I always thought that to be able to write wasn’t a smart thing to do. Being awesome at Maths, Physics, Chemistry or anything that requires interpretation of a numerical kind , that’s what I thought it was to be intelligent.
But then I realised, it takes a certain type of person to be creative & writing in itself IS an interpretation. How you see the world, how you tell other people about it & how you paint the picture.
So I write because… I can.
For years I doubted what I could do, putting it down as a cop-out because I wasn’t logically minded. But not everyone is. Once you get over that, the writing world’s your oyster.
I write because I’m inspired.
I follow a lot of interesting, well written blogs by amazing people who have a lot to say. Everyone has their specialty & each & every blog I follow/read inspires me to write more. So I want to thank those who I follow for giving such interesting insights into their lives/hobbies.
I write because it makes me feel better.
I suffer from pretty bad anxiety & before that depression. It was a struggle but through writing, becoming a runner & writing about becoming a runner, it gives me something to focus on. I used to write poetry to get all the bad feelings out. When my Mum found out & read them she cried. I don’t want my writing to bring anyone to tears. This blog is much more positive. It helps me be positive.

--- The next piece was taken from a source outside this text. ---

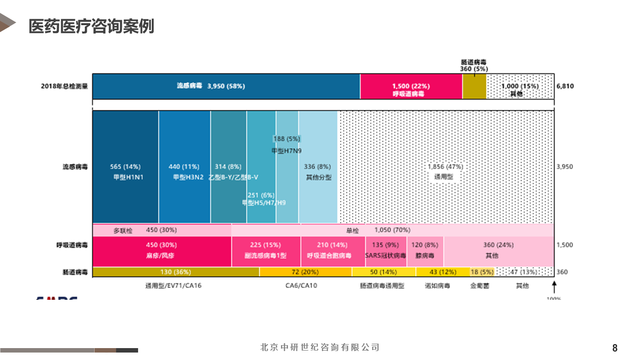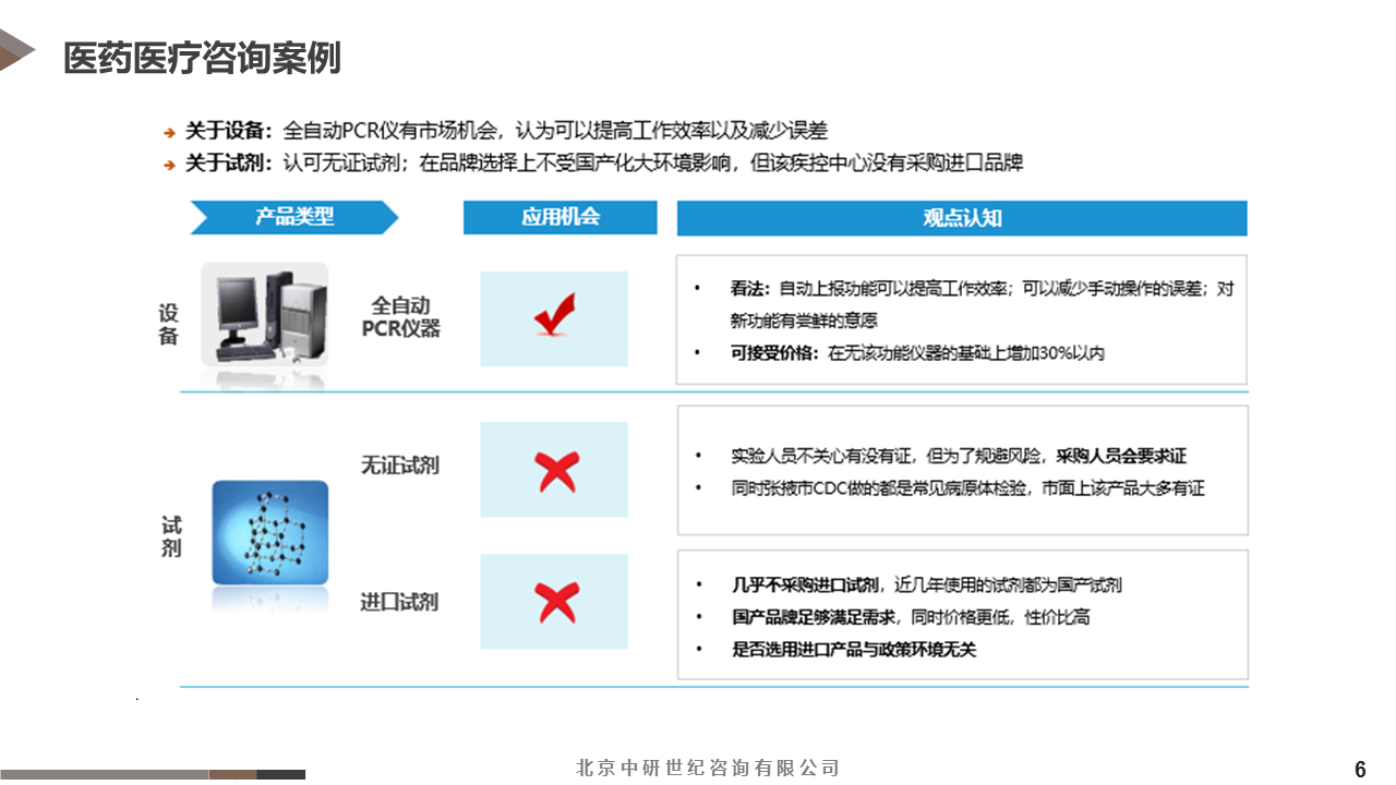 1、通過全國各區(qū)域、各級別疾控部門信息挖掘,幫助委托方,精準定位到高端全自動檢測儀器應用機會(如什么區(qū)域、什么級別疾控中心、什么部門需要此類產品); 2、通過了解各類型傳染性病毒或細菌檢測量及各類型病毒或細菌所用TOP檢測試劑類型,幫助委托方精準定位平臺可開放的模塊。

I write because I like the interaction.
Through writing this blog, I’ve already learned so much from other people & about myself. Sounds deep but true. I like reading blogs & giving people feedback & letting them know I like & appreciate their writing. It’s important for us bloggers.
I love it, it helps me to get my creativity out there & learn from other people. It helps with my anxiety (although I’ll never get away from ‘Do they like it? Am I rambling? Is it all me, me, me?!)
I write because it’s a love affair with words that’s keeps on going. I can’t stop it, I don’t want to and I’m falling deeper every time I go to do it. I think it’s love. Which is one affair every writer will admit to.